Here it was just cold, the drizzle slanting down through open forest of tall slender lodgepole pine and short squat limbers, knocking more of the faded old-gold foliage of the quaking aspens and narrow-leaf cottonwoods to flutter down and make the earth beneath slippery with wet duff. The brush ahead of her and to either side was viburnum, scarlet in this season; the withered red berries were still dense on the spindly stems, and the deer was working its way along the edge of the tongue of woodland, nibbling at the fruit while its tall ears swiveled like a jackrabbit's and the black-tipped white tail quivered over the snowy patch on its rump. Mountain bluebirds called as they flitted from branch to branch, feeding on the same bounty.

Closer, and she could hear the slight mushy tock as the deer's hooves cleared the ground. Her own breath scarcely moved the gauze mask, but her stomach abruptly cramped-they'd been hungry, and Rudi needed better food if he was to heal. Fifty yards, forty, thirty… you looked at the spot where you wanted the arrow to go… twenty. ..

I am the bow and the arrow, the hunter and the prey…

The bow came up as she drew to the ear in a single smooth motion, and the cloak fell away from her arms. A slight creaking came from it as her arms and shoulders and gut levered against the force of the recurve's stave, stretching the sinew on the back, compressing the laminated horn on the belly and bending the slice of yew between them. The string lifted from the final curve at the tips, the bow bent into a deep C, and the arrow slid back through the cutout in the riser. The deer began its stiff-legged leap even as the string rolled off her fingertips.

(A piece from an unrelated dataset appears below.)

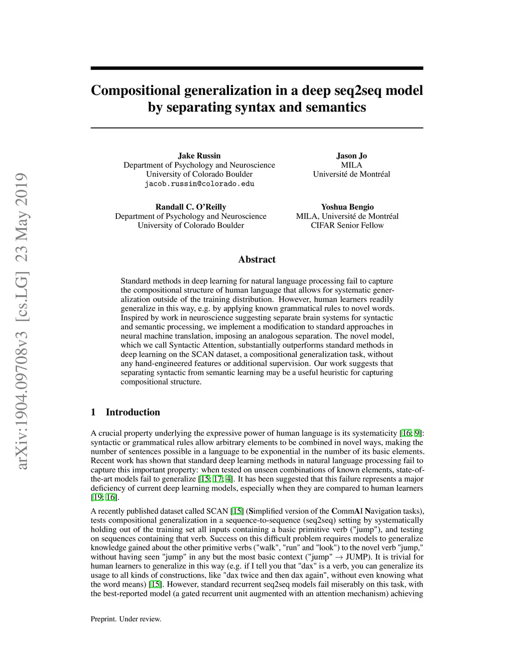 Standard methods in deep learning for natural language processing fail to capture the compositional structure of human language that allows for systematic generalization outside of the training distribution. However, human learners readily generalize in this way, e.g. by applying known grammatical rules to novel words. Inspired by work in neuroscience suggesting separate brain systems for syntactic and semantic processing, we implement a modification to standard approaches in neural machine translation, imposing an analogous separation. The novel model, which we call Syntactic Attention, substantially outperforms standard methods in deep learning on the SCAN dataset, a compositional generalization task, without any hand-engineered features or additional supervision. Our work suggests that separating syntactic from semantic learning may be a useful heuristic for capturing compositional structure.

Snap. The string lashed the hard leather bracer on her forearm, and there was a quarter second's blurring streak through the air. Thunk.

That was the distinctive wet sound of a broadhead striking flesh. The quick-release toggle of the war cloak snapped under her fist and she cleared the viburnum in a single raking stride, ready to chase or shoot again. Starlings rose in a chittering flock from the trees around her as she moved, hundreds wheeling in perfect unison and coasting downward to new perches. She reached for a new arrow; an injured animal had to be run down and given the mercy stroke or a hunter would lose all luck, and you couldn't always count on a quick kill. This time the deer took three staggering steps and collapsed, its limbs kicking for a moment; then it stretched out its neck and went limp.

"Good!" Ritva said, wiping off her bow and sliding it into the case against the wet.

She stopped and gathered up her cloak, slid her sword through the buckled frog on her belt and slipped her buckler onto the spring-loaded clip on the sheath. The deer's eyes were blank by the time she arrived, beaded with drops of the rain that pooled like tears. Her arrow had sunk to the fletching behind the ribs on the left side, angling sharply forward and either striking the heart or severing the big veins next to it as the razor-sharp triangular head punched in. The death had been very quick; a single moment of surprise and pain, and then the dark.

"I'm sorry, brother," she murmured, glad of that.

She bent and passed a hand over the deer's eyes, and then her own; touched a finger to the blood and then to her forehead.

"Thank you for your gift of life. Speak well of me to the Guardians. Go now and play beneath the forever trees on the mountainsides of the Undying Land, where no evil comes, until you are reborn."

To the forest: "Thank you, Horned Lord, Master of the Beasts! Bring this my brother's spirit home to Her who is Mother-of-All. Witness that I take from Your bounty in need, not wantonness, knowing that for me also the Hour of the Hunter shall come, soon or late. Earth must be fed."

Then she bent and caught the deer above the hocks, heaving backwards and pumping her legs to keep it moving, and wheezing a little too; the carcass weighed as much as she did, and she wasn't a small woman. You needed a tree to gralloch a deer properly. Hanging it up by the hind legs made it drain thoroughly and it also made it easier to gut and quarter.